Because of how often applications result in symmetric, banded coefficient matrices (where $\vec{c} = \vec{e}$), mathematicians and engineers spend time developing specialized approaches that work more quickly and efficiently than general approaches. For example, it can be shown that, if a matrix $A$ is symmetric, then its *LU-decomposition* can be written as

$$A = LU = LDL^T$$

where $D$ is a *diagonal matrix*. This means that we can still use Doolittle's decomposition with $U = DL^T$. That is,

\begin{align*} U &= DL^T\\
&= \left[\begin{array}{ccccc} D_1 & 0 & 0 & \cdots & 0\\
0 & D_2 & 0 & \cdots & 0\\
0 & 0 & D_3 & \cdots & 0\\
\vdots & \vdots & \vdots & \ddots & \vdots\\
0 & 0 & 0 & \cdots & D_n
\end{array}\right]\left[\begin{array}{ccccc} 1 & L_{21} & L_{31} & \cdots & L_{n1}\\
0 & 1 & L_{32} & \cdots & L_{n2}\\
0 & 0 & 1 & \cdots & L_{n3}\\
\vdots & \vdots & \vdots & \ddots & \vdots\\
0 & 0 & 0 & \cdots & 1
\end{array}\right]\\
&= \left[\begin{array}{ccccc} D_1 & D_1L_{21} & D_1L_{31} & \cdots & D_1L_{n1}\\
0 & D_2 & D_2L_{32} & \cdots & D_2L_{n2}\\
0 & 0 & D_3 & \cdots & D_3L_{n3}\\
\vdots & \vdots & \vdots & \ddots & \vdots\\
0 & 0 & 0 & \cdots & D_n
\end{array}\right]
\end{align*}

Again, as a space-saving efficiency, we can choose to only store $U$ since both $L$ and $D$ are recoverable from this matrix! Again, the *Gaussian Elimination* procedure which results in an upper triangular matrix is sufficient to decompose a symmetric matrix.

There is an alternative, however, which is even more efficient due to speed-ups at the solution phase (since the $L_{ij}$ are not masked). We can instead store

$$U^* = \left[\begin{array}{ccccc} D_1 & L_{21} & L_{31} & \cdots & L_{n1}\\
0 & D_2 & L_{32} & \cdots & L_{n2}\\
0 & 0 & D_3 & \cdots & L_{n3}\\
\vdots & \vdots & \vdots & \ddots & \vdots\\
0 & 0 & 0 & \cdots & D_n
\end{array}\right]$$

and notice that $U_{ij} = D_iL_{ji} = U^*_{ii}*U^*_{ij}$.

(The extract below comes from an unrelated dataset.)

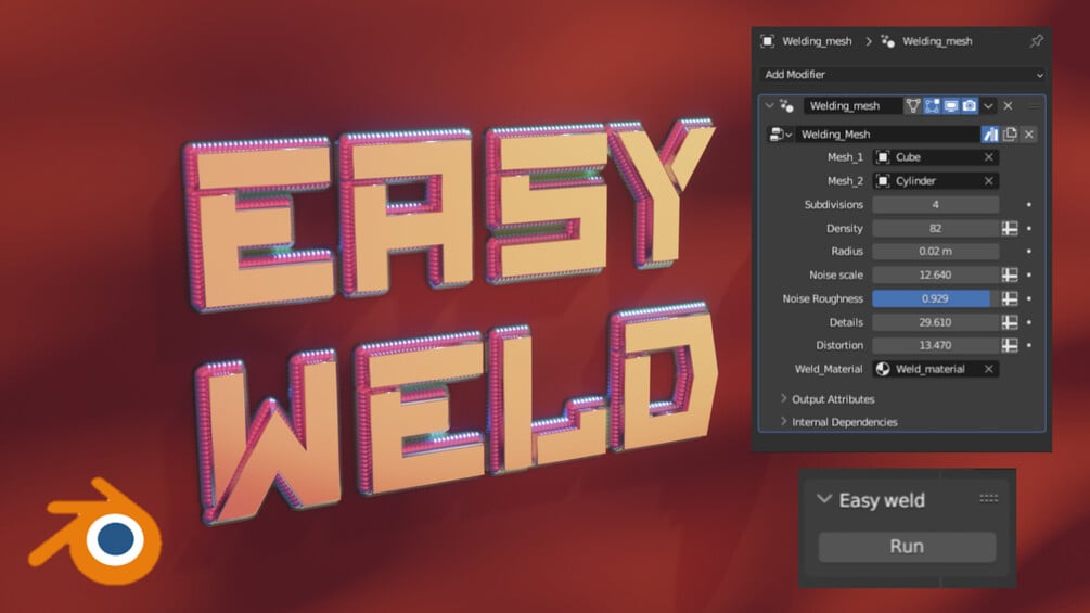 Easy Weld is a Blender addon that creates a procedural weld mesh between two selected objects using Geometry Nodes. It simplifies the process of adding realistic welds in Blender, providing flexibility and control over the welding effect. Whether you're working on mechanical models, hard surface designs, or sci-fi creations, Easy Weld offers a quick and easy way to apply a professional weld effect.

We won't build an implementation to specifically handle symmetric matrices here because our `LUdecomp3solver()` routine will handle all of the instances for our course. I include this aside however to point out that there are researchers and scientist who spend their careers investigating, developing, and implementing ways to improve run-time-complexity and space-complexity of existing algorithms or developing brand new algorithms.

***

## Summary

In this notebook, we considered additional efficiencies that can be gained by exploiting properties of the coefficient matrix. In particular, we looked at the special case of banded matrices. We could construct specialty solvers for other classes of coefficient matrix by analyzing the process involved in using the *Gaussian Elimination* approach to solving the corresponding system. Taking an algorithmic approach is much slower for a single problem, but pays off because we end up with a constructed routine that can "quickly" solve any problem fitting the assumptions of the algorithm we've built.